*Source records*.
###
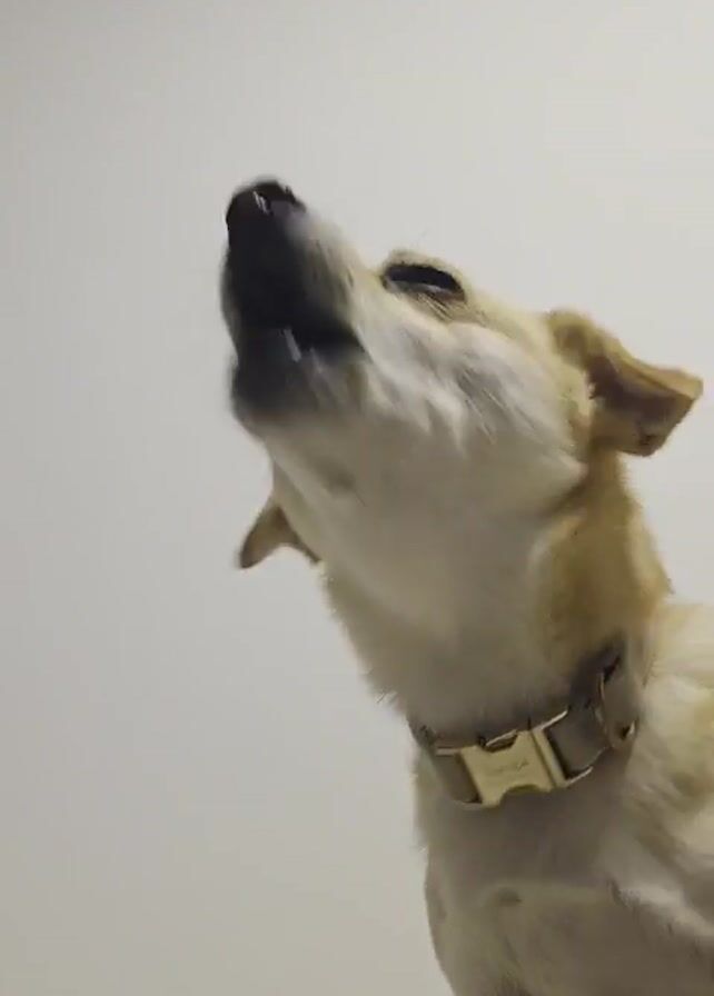 - "A low-angle shot shows a light-colored dog wearing a collar with its name on it, looking up and howling against a plain white background" by FM-Zrr2E2, licensed under CC BY 4.0
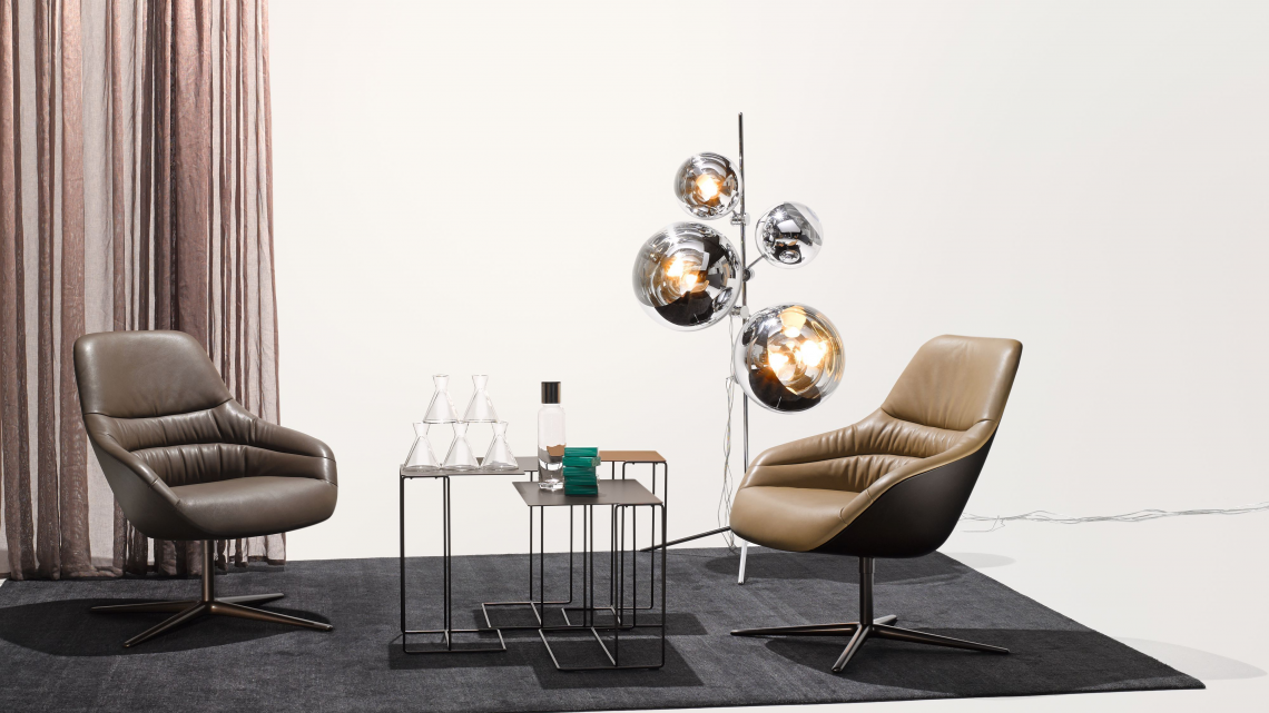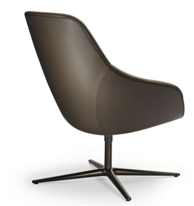 A sumptuous shell chair: the upholstered leather with fine seam patterns and a smoothly rounded star base attest to master craftsmanship.
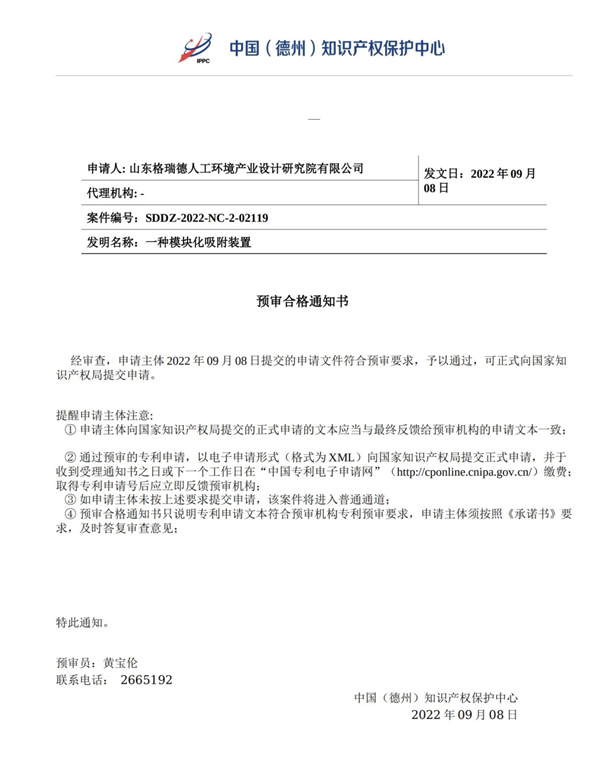 該專利是中國(德州)知識產權保護中心開展快速預審服務以來集團首件獲得國家授權的專利,標志著集團在自主創新之路上實現了“格瑞德速度”。預審合格后,8月31日該專利申請被正式提交至國家知識產權局,9月8日即獲得授權。與一般實用新型專利常規審查程序所需的8個月左右相比,授權周期大幅縮減。格瑞德人工環境產業設計研究院近日提交的“一種模塊化吸附裝置”專利文件,也已順利通過保護中心預審,進入國家專利局快速審查通道。本月還將有兩項發明專利通過保護中心快速預審平臺提交,為集團知識產權快速確權提供新引擎。
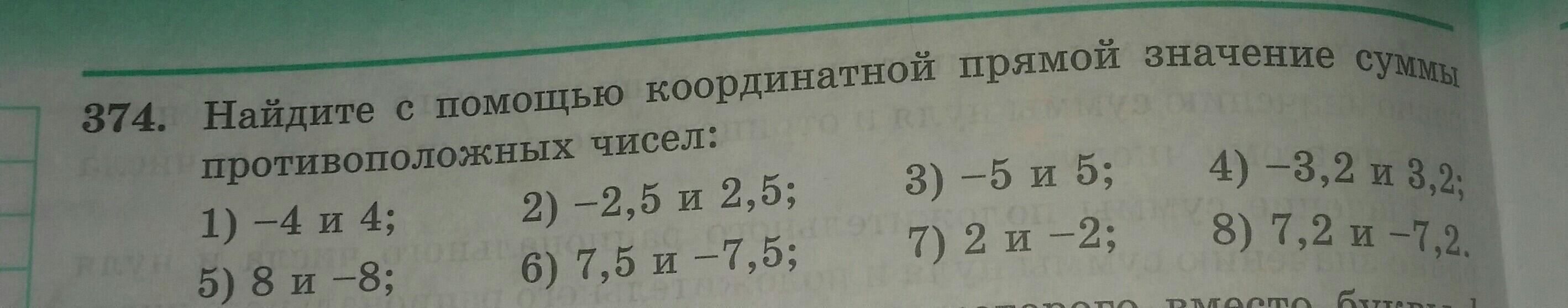 Найдите с помощью координатной прямой значение суммы провоположных чисел 1)-4и4 (2) -2,5и2,5 .(3)-5и5 .(4)-3,2и3,2 .5
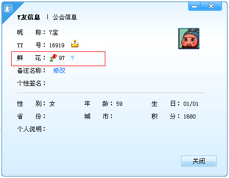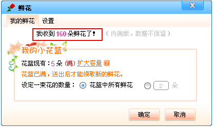 从鲜花窗口中,可以看到自己收到的鲜花数量:
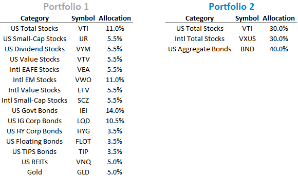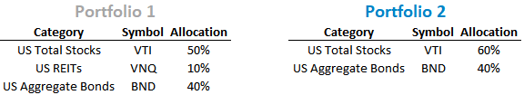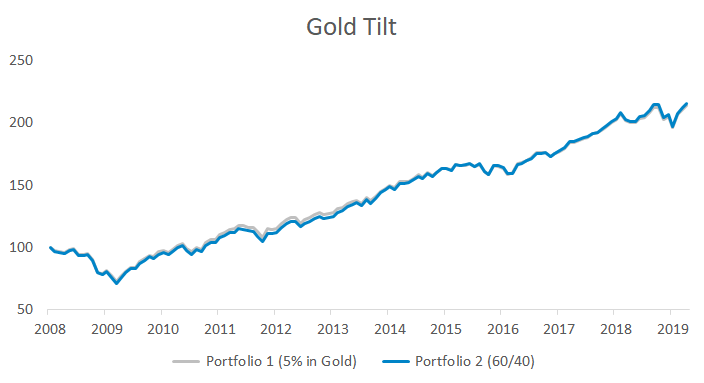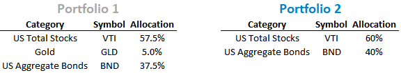 This post examines the total portfolio impact of small allocations. All hypothetical portfolios shown are annually rebalanced and include reinvested dividends and interest. I used Portfolio Visualizer for all of the below analysis.
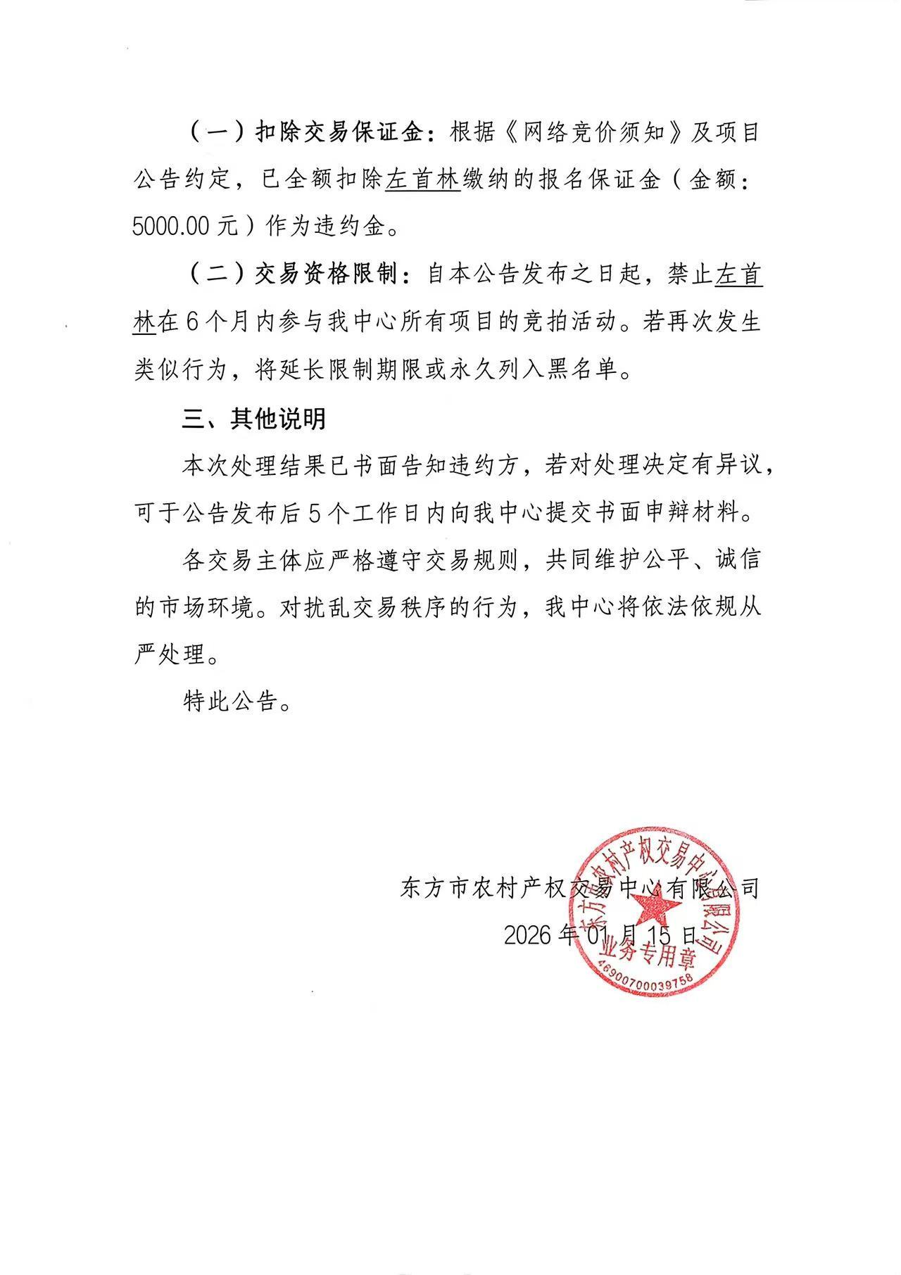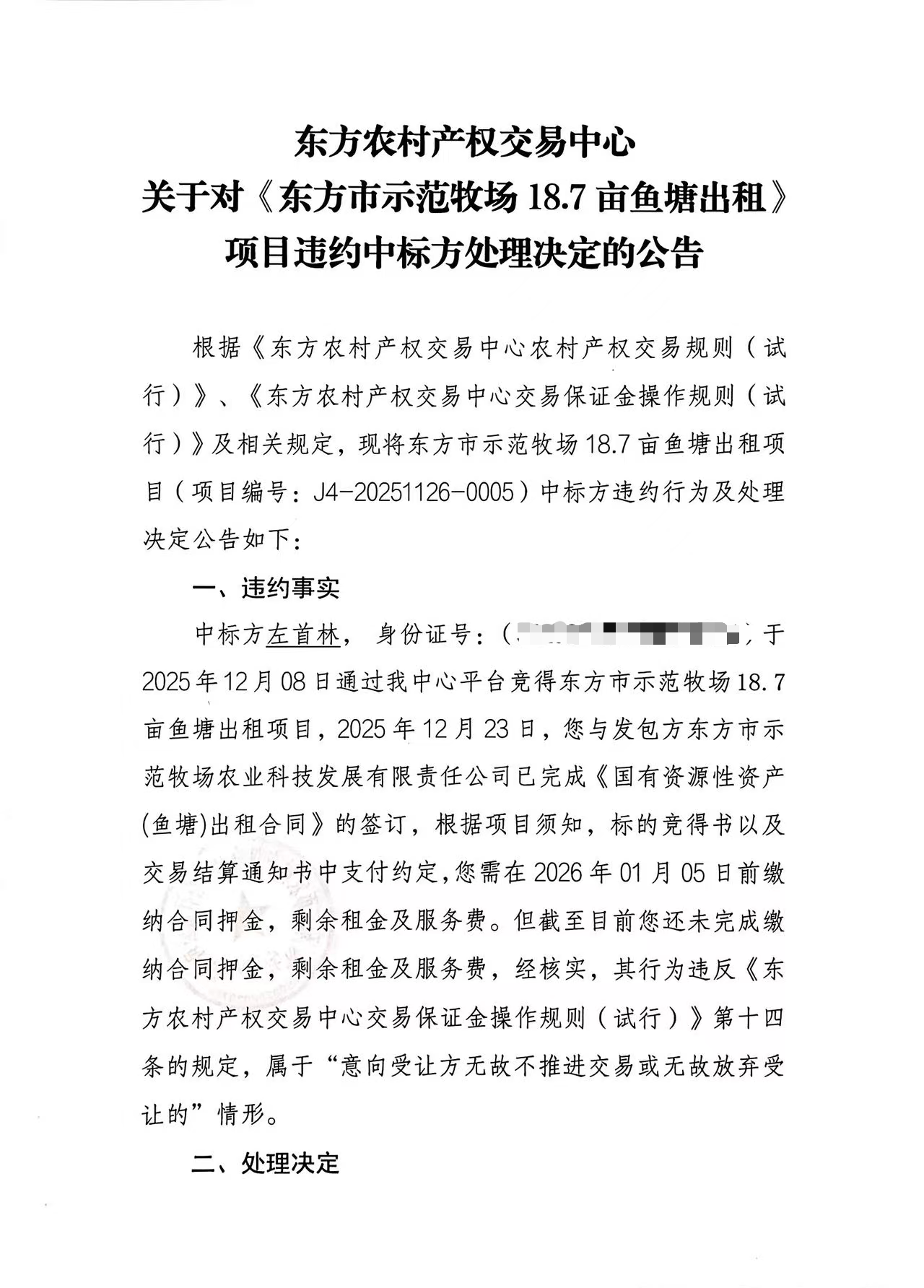 东方农村产权交易中心 关于对《东方市示范牧场18.7亩鱼塘出租》项目违约中标方处理决定的公告
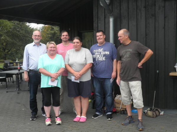 Die Sieger des Sommer-Cups 2016: Ansgar Buchholz (1.v.re.), Marcus Rade (3.v.li.), Stephan Behrens (2.v.re.), Melanie Wickel-Paffrath (3.v.re.), Nicole Lieber (2.v.li.), Michael Puschner (1.v.li.) ![]() Am letzten Spieltag des Sommer-Cups wurde es richtig spannend - drei der 23 Starter hatten noch Chancen auf den Gesamtsieg. Und es blieb auch bis zum Schluss knapp: Stephan Behrens spielte zweimal 29 und lag damit vor Marcus Rade, dem in seiner schlechteren Runde nur eine 33 gelang. Nun war die Situation so, dass tatsächlich noch alle drei Spieler - Stephan Behrens, Marcus Rade und Ansgar Buchholz in der Gesamtwertung punktgleich gewesen wären, wenn Ansgar in der letzten eine 30 gespielt hätte. Hätte, hätte ... hat er aber nicht: Mit dem letzten Schlag des Tages, einem As an Bahn 18 stand die 28 für Ansgar auf dem Spielprotokoll und damit der geteilte Tagessieg mit Melanie Wickel-Paffrath und Volker Urban. Damit sicherte sich Ansgar den Gesamtsieg mit 223 Punkten und da Stephans 29 nur zu Platz 4 in der Tageswertung reichte, blieb Marcus Rade (213) dann doch knapp Zweiter vor Stephan Behrens (210). Melanie Wickel-Paffrath (151 Punkte) sicherte sich den vierten Platz in der Gesamtwertung vor den punktgleichen Phillipp Lange und Volker Urban. Da diese beiden Spieler aber zuwenig Starts haben, um sich für einen der Geldpreise zu qualifizieren, mussten am nächsten Donnerstag (1.9.) die beiden in der Gesamtwertung nächsten Teilnehmer - Nicole Lieber und Michael Puschner - um die Preise 5 und 6 stechen. Dieses Stechen gewann Nicole Lieber durch ein As an Bahn 1. Das parallel stattfindende Abschlussgrillen war ein netter Schlussstrich unter dem Sommer-Cup 2016. Lasst Euch überraschen, wie der Austragungsmodus 2017 wird ... Alle Ergebnisse |
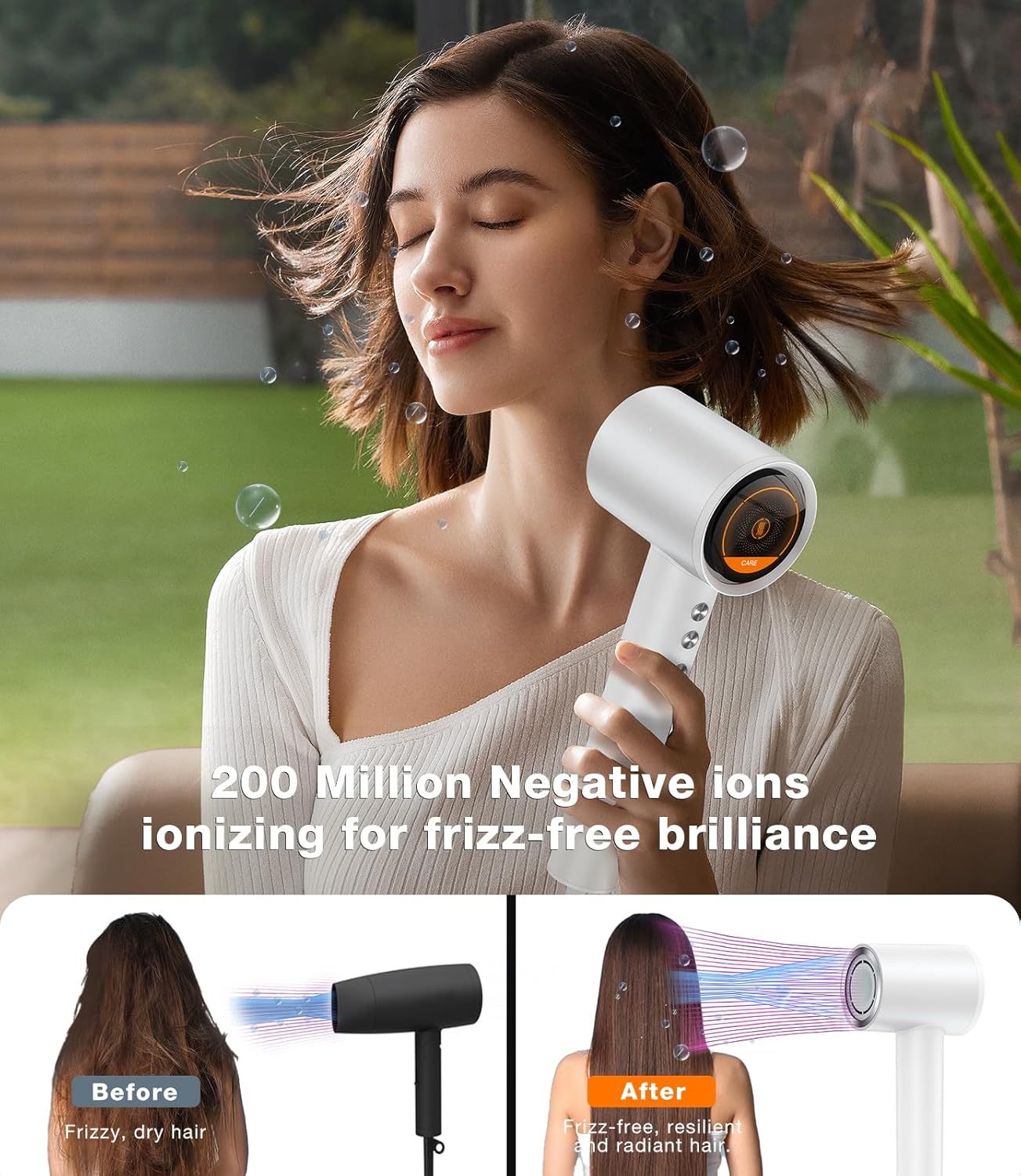 [Luxurious Hair Care Made Simple] Our 200 million negative ions technology, combined with industry-leading NTC smart chip, brings unparalleled care to your hair. The NTC system monitors temperature 110 times per second, effectively preventing heat damage. The high concentration of nourishing negative ions locks in moisture, leaving your hair smoother, shinier, and easier to manage, giving you a salon-quality finish every time.
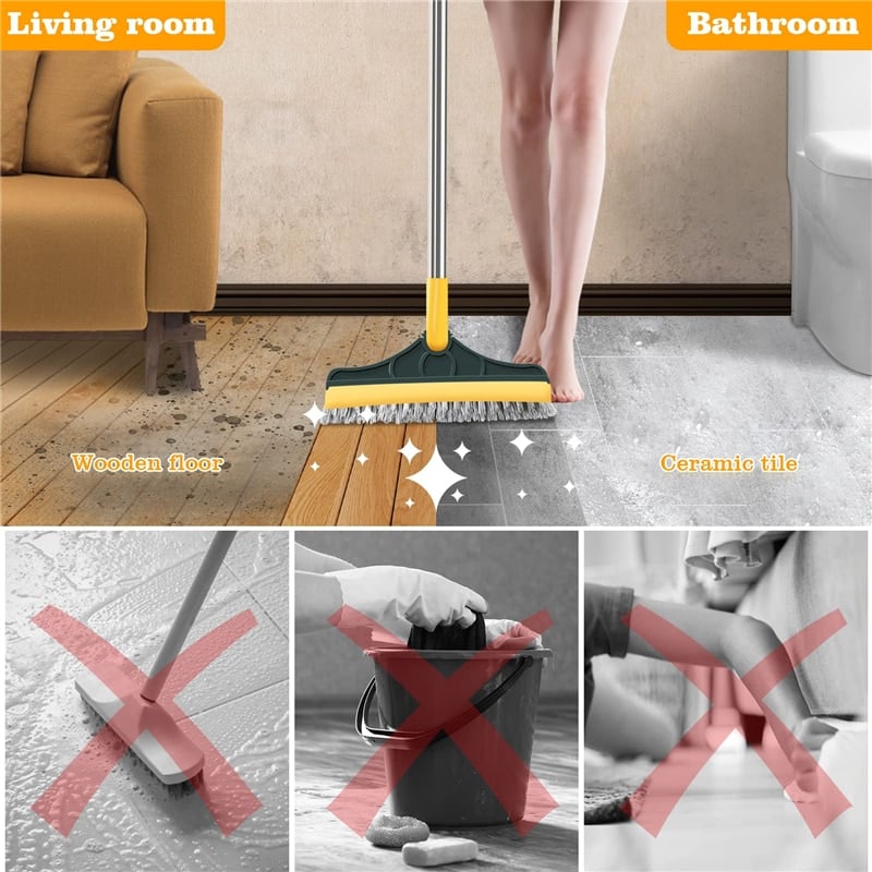 Served as brush and scraper, after brushing the floor, you can easily scrap the sewage. 120 degree rotating brush head, triangular convex bristles, rubber soft plate.
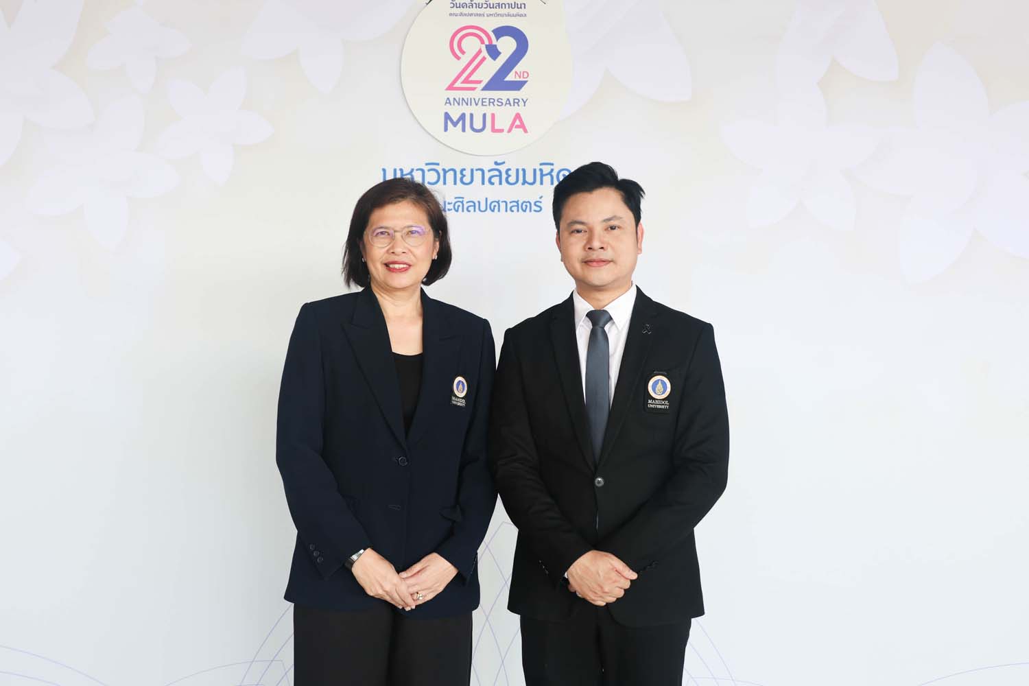 รองศาสตราจารย์ ดร.นันทิยา ดวงภุมเมศ ผู้อำนวยการสถาบันฯ ร่วมแสดงความยินดีในโอกาสครบรอบ 22 ปี วันคล้ายวันสถาปนาคณะศิลปศาสตร์ มหาวิทยาลัยมหิดล โดยมี ผู้ช่วยศาสตราจารย์ ดร.อภิวิชญ์ เลี้ยงอิสสระ คณบดีคณะศิลปศาสตร์ ให้เกียรติต้อนรับ วันที่ 17 ธันวาคม 2568 ณ อาคารสิริวิทยา
###
*What you will do*.
What you return must match, line for line, the records from the line containing "Served as brush" through their end, with both ends included and no pictures.

*Written solution*.
 Served as brush and scraper, after brushing the floor, you can easily scrap the sewage. 120 degree rotating brush head, triangular convex bristles, rubber soft plate.
 รองศาสตราจารย์ ดร.นันทิยา ดวงภุมเมศ ผู้อำนวยการสถาบันฯ ร่วมแสดงความยินดีในโอกาสครบรอบ 22 ปี วันคล้ายวันสถาปนาคณะศิลปศาสตร์ มหาวิทยาลัยมหิดล โดยมี ผู้ช่วยศาสตราจารย์ ดร.อภิวิชญ์ เลี้ยงอิสสระ คณบดีคณะศิลปศาสตร์ ให้เกียรติต้อนรับ วันที่ 17 ธันวาคม 2568 ณ อาคารสิริวิทยา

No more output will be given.